The U-Visa and Traveling Abroad

The U-Visa and Traveling Abroad

There are various times during the U-visa process that an applicant may wish to travel abroad. If you filed your U-visa application while in the United States, it can be risky to go abroad while the application is pending, or even after it has been approved.

Additionally, an applicant can file for U-nonimmigrant status from abroad.

Filing Your U-Visa Application From Abroad

Applying for U-nonimmigrant status from abroad is very similar to filing for U-status from within the United States; however, there are some slight differences.

The two main differences are that applicants abroad have the additional step of filing for an actual U-Visa stamp, with which they can enter the United States. An actual visa stamp can only be issued by a consulate or embassy abroad, so after USCIS approves your I-918, you will still have to file for a visa stamp before you are allowed to enter the United States

Additionally, you cannot file for work authorization until you enter the United States, whereas applicants who are present in the United States file for work authorization at the time of filing the initial applications.

Applicants Who Have Filed Their U-Visa Applications in the US, But Who Need to Travel Abroad While the U-Visa is Pending

While your application for U-visa status is pending, typically, it is not advisable to travel abroad. If you travel abroad before USCIS adjudicates your I-918 petition, you will be stuck outside of the United States until USCIS approves your case and transfers it to your nearest embassy or consulate. If you travel abroad while your application is pending, it’s as if you filed it while abroad (see above).

If you are present in the United States and have filed an application for a U-visa, you should consult an experienced attorney before leaving the United States.

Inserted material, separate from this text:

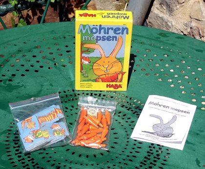 Au début de la partie, toutes les cartes cachées sont des lapins. Il est donc facile de retourner un lapin et donc de gagner une carotte. Mais chaque lapin trouvé est retiré et remplacé par un renard et il devient de plus en plus difficile de trouver un lapin. On peut alors choisir de lancer le dé qui résoudra peut-être nos problèmes. |
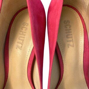 SCHUTZ Farrah Hot Pink Suede Pointed Toe Heels Pumps

Can I Travel Abroad Once My U-Visa Application Has Been Approved?

In most instances, it is not advisable for people in U-visa status to travel abroad, even after U-visa status has been granted. If you’d like to travel overseas while in U-visa status, you should consult with an experienced attorney who can explain all of the risks involved with such travel.

You Must Obtain a Visa to Re-enter the United States

When USCIS approves your application for U-visa status, they are giving you a new ‘status,’ and they will send you documentation proving that you are, in fact, in U-nonimmigrant status. They do not issue an actual visa, with which you can enter the United States. If you leave the United States, you’ll need to apply for an actual U-visa abroad. (see above).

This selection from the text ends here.